Task details => Quote word for word the lines starting at the line with "広島県呉市の盲導犬ユーザーの" and ending at the final line of the entries. Leave out any pictures.

==== Provided data

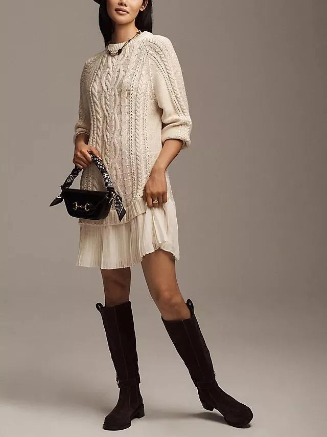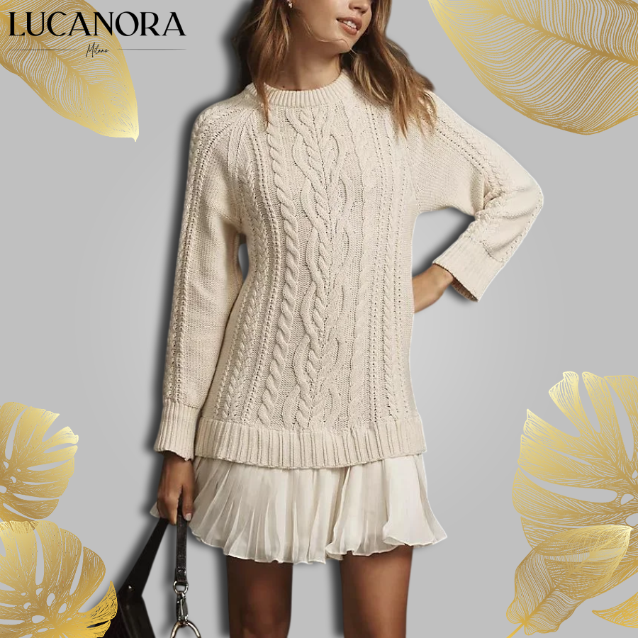 Wyobraź sobie miękki dzianinowy top, podkreśloną talię i zwiewną spódnicę w kształcie litery A, która układa się przy każdym kroku. Góra jest luźna, ale zachowuje kształt sylwetki, subtelnie obejmując talię i biodra. To idealny wybór na chłodniejsze dni — otula ciepłem, nie rezygnując ze stylu.
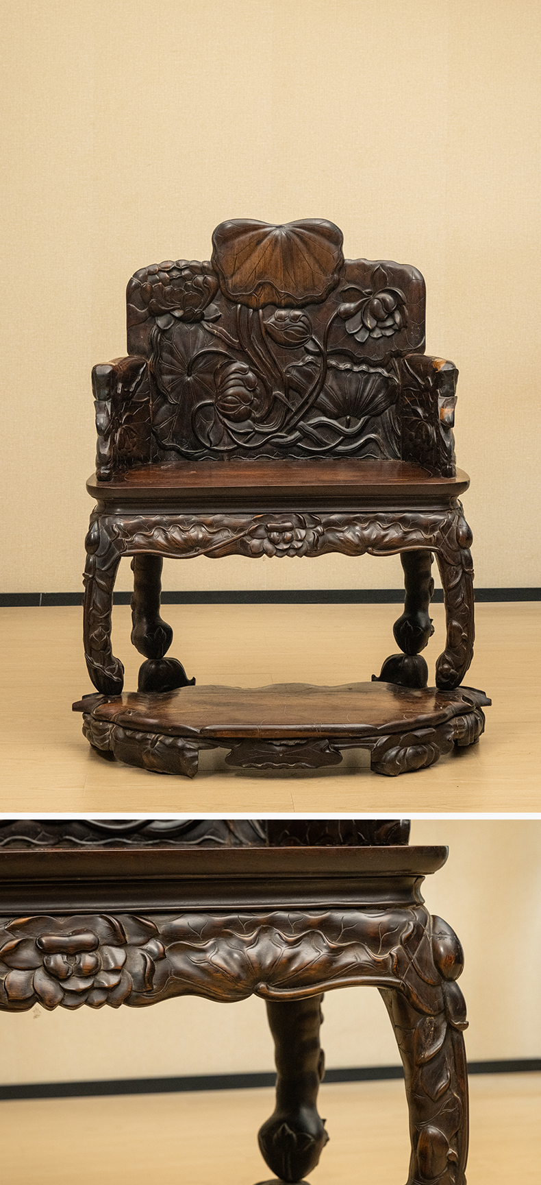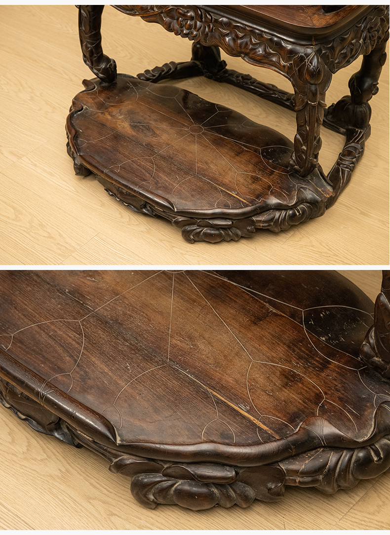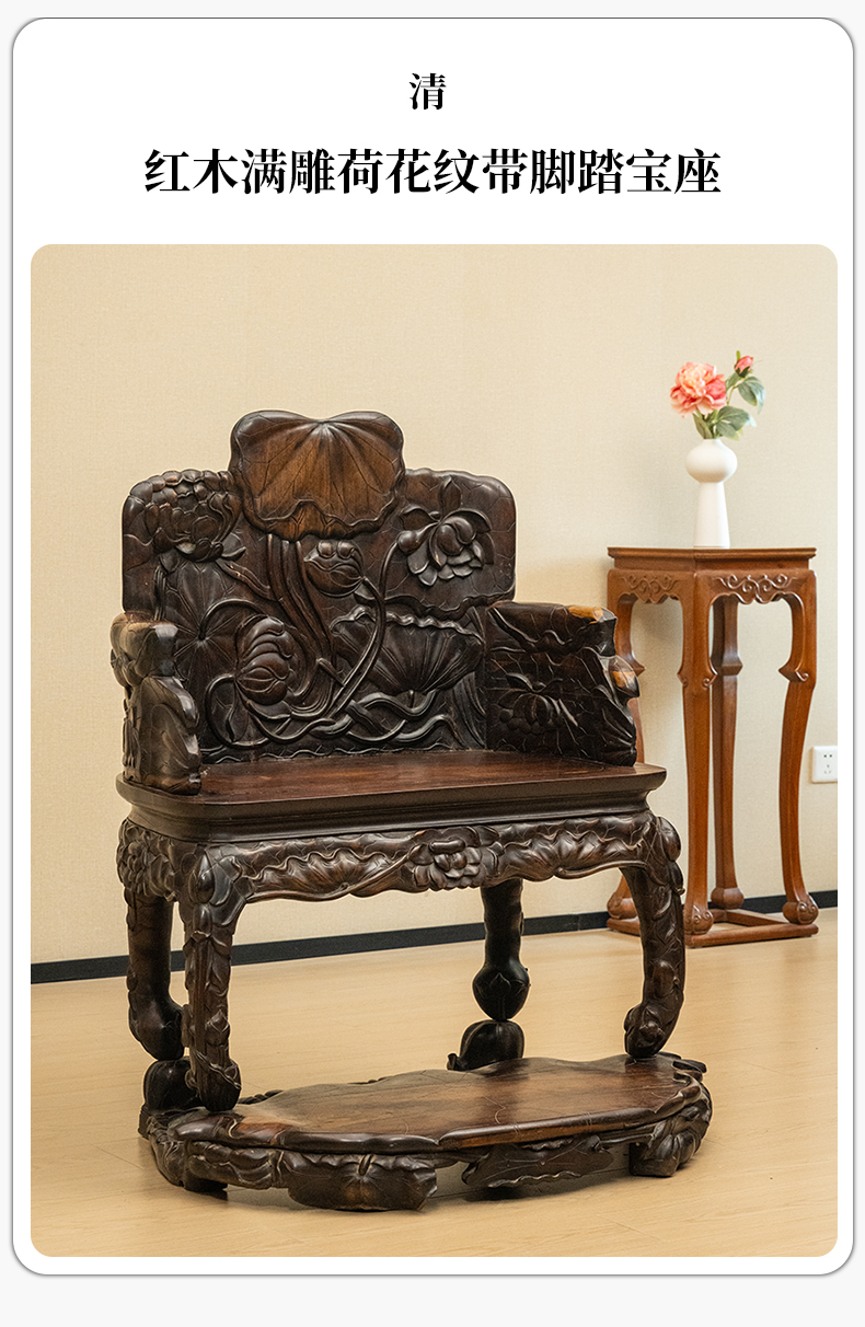 清 红木满雕荷花纹带脚踏宝座
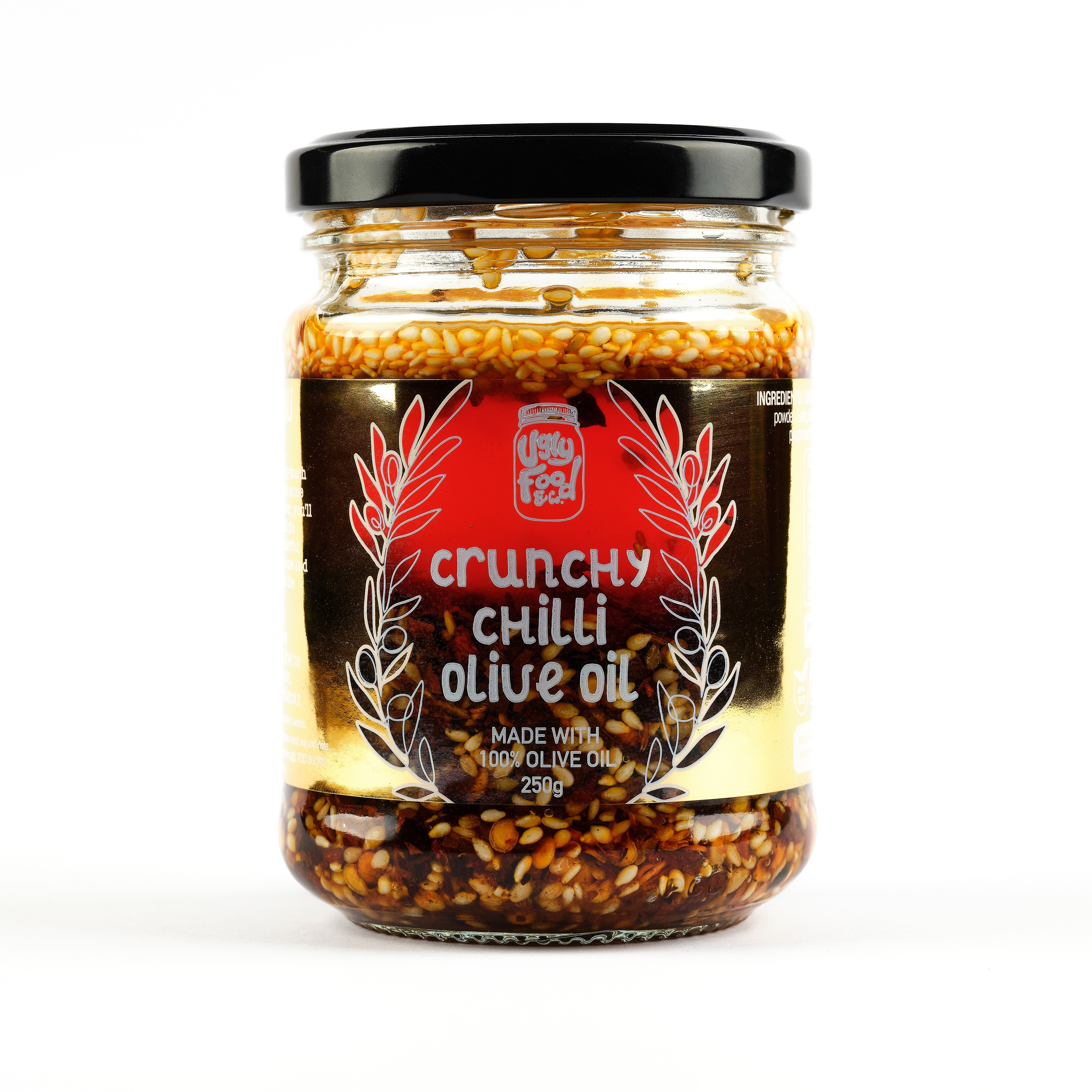 Ugly Food & Co Crunchy Chilli Olive Oil is mildly spicy garlicky oil with a crunch. Aromatic, fresh and a great balance of flavours. Goes with everything. Give that jar a good shake. Hand made in small batches with no artificial flavourings or preservatives. Vegan, Nut Free, Dairy Free, Gluten Free
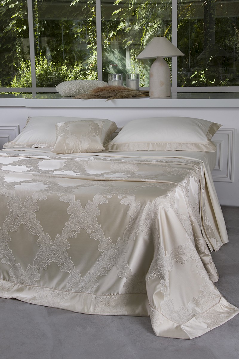 • Copriletto in tessuto raso operato manoseta
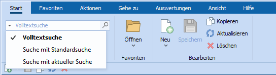 Die Schnellsuche befindet sich in jedem Modul im Menüband links auf der Registerkarte "Start". Über das Suchfeld können Sie direkt nach den Datensätzen des Moduls suchen, ohne das Fenster "Suche" zu verwenden. Verwenden Sie die Tastenkombination "STRG + F" oder F3 um in die Schnellsuche des Moduls zu wechseln.
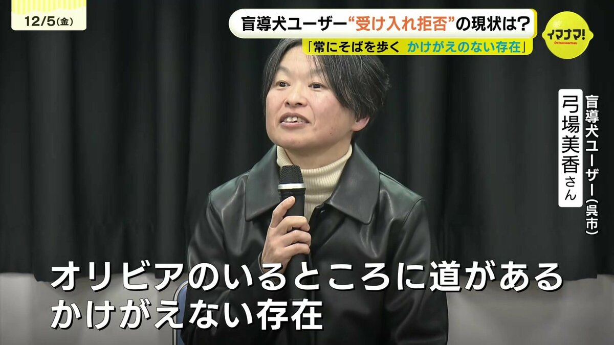 広島県呉市の盲導犬ユーザーの弓場美香さん。パートナーは、ラブラドール・レトリバーのオリビア(6)です。日常のなか、同伴を拒否されるケースが少なくないと話します。
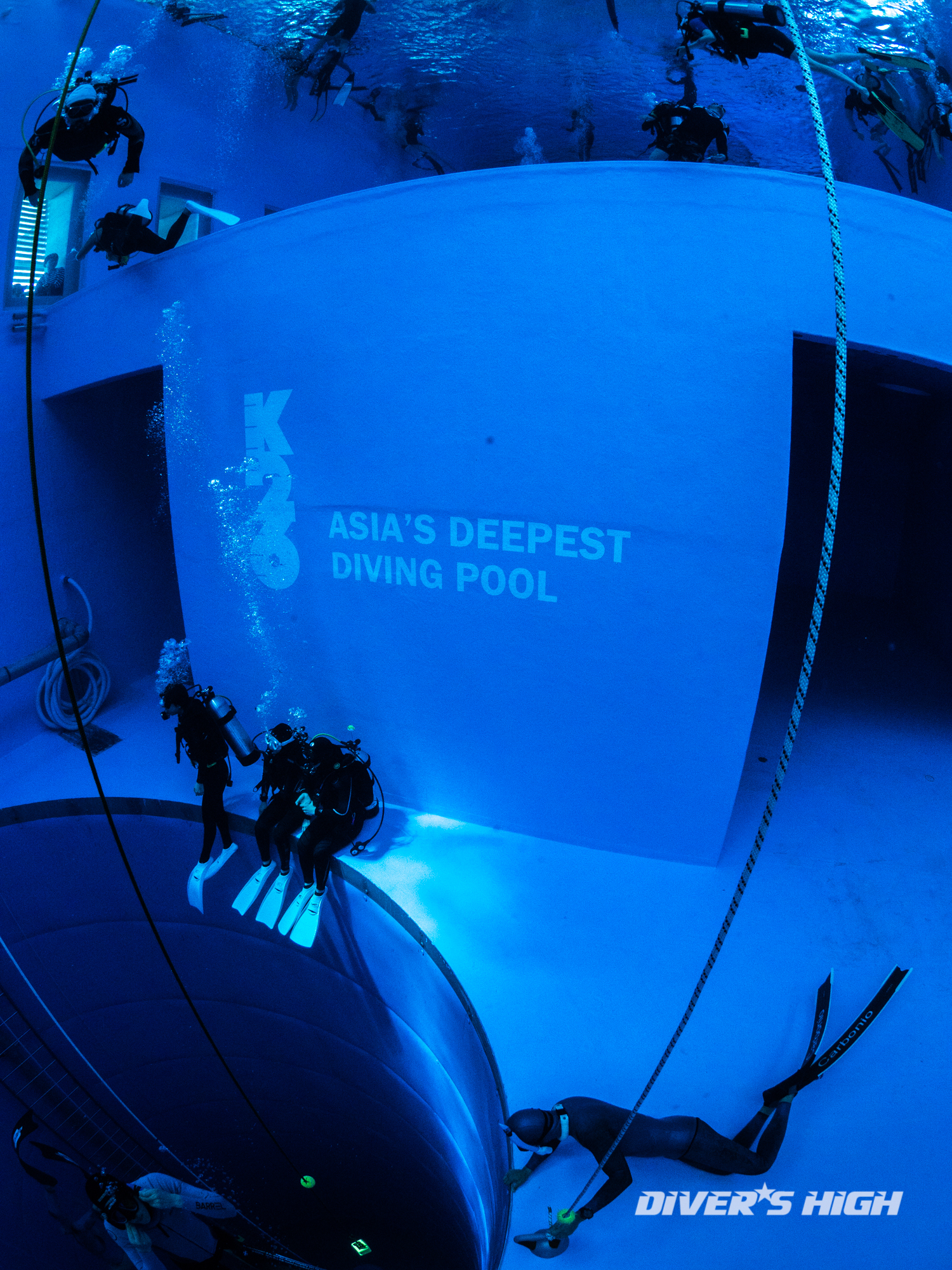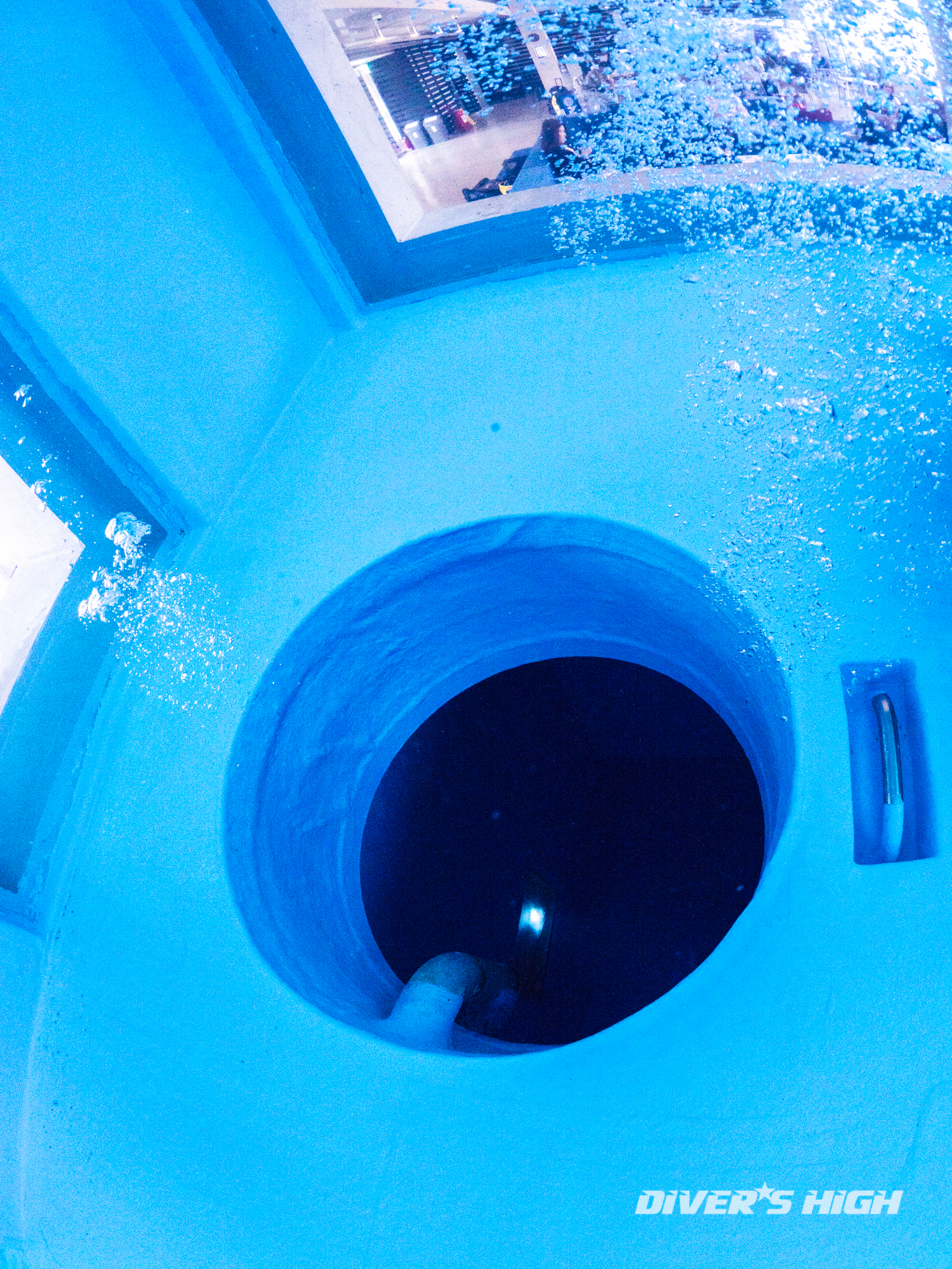 깊은 수심의 26미터 풀로 내려갑니다.

========

Answer =>
 広島県呉市の盲導犬ユーザーの弓場美香さん。パートナーは、ラブラドール・レトリバーのオリビア(6)です。日常のなか、同伴を拒否されるケースが少なくないと話します。
 깊은 수심의 26미터 풀로 내려갑니다.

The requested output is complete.